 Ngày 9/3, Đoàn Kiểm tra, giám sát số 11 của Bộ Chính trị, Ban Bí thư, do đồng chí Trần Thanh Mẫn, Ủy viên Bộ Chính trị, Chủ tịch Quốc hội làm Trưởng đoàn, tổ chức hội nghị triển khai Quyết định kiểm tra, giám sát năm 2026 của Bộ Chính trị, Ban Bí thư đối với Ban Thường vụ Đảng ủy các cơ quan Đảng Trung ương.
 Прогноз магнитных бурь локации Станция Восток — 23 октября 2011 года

****************

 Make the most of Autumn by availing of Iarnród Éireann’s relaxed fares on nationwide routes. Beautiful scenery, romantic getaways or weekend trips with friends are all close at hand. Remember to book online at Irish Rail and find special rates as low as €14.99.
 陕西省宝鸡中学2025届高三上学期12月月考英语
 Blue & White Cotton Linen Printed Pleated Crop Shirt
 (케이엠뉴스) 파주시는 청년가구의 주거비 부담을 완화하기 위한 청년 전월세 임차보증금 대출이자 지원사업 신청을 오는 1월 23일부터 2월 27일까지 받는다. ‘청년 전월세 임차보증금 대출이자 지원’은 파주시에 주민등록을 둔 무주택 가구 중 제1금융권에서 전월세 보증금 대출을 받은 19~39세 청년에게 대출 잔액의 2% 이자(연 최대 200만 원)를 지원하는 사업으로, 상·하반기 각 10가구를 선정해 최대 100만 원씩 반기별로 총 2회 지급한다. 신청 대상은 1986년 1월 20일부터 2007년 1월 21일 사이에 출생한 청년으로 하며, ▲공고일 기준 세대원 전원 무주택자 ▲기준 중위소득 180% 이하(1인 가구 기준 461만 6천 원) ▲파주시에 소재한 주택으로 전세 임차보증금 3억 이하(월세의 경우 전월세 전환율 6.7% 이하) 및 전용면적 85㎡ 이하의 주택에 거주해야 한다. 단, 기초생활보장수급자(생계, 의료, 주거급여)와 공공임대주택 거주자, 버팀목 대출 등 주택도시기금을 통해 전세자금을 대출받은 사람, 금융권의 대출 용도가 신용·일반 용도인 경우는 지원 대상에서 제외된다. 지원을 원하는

****************

TASK TO COMPLETE –
From the entries above, extract only the lines running from the one containing "Ngày 9/3, Đoàn" through the one containing "Прогноз магнитных бурь", inclusive.

SOLUTION TO THIS EXERCISE –
 Ngày 9/3, Đoàn Kiểm tra, giám sát số 11 của Bộ Chính trị, Ban Bí thư, do đồng chí Trần Thanh Mẫn, Ủy viên Bộ Chính trị, Chủ tịch Quốc hội làm Trưởng đoàn, tổ chức hội nghị triển khai Quyết định kiểm tra, giám sát năm 2026 của Bộ Chính trị, Ban Bí thư đối với Ban Thường vụ Đảng ủy các cơ quan Đảng Trung ương.
 Прогноз магнитных бурь локации Станция Восток — 23 октября 2011 года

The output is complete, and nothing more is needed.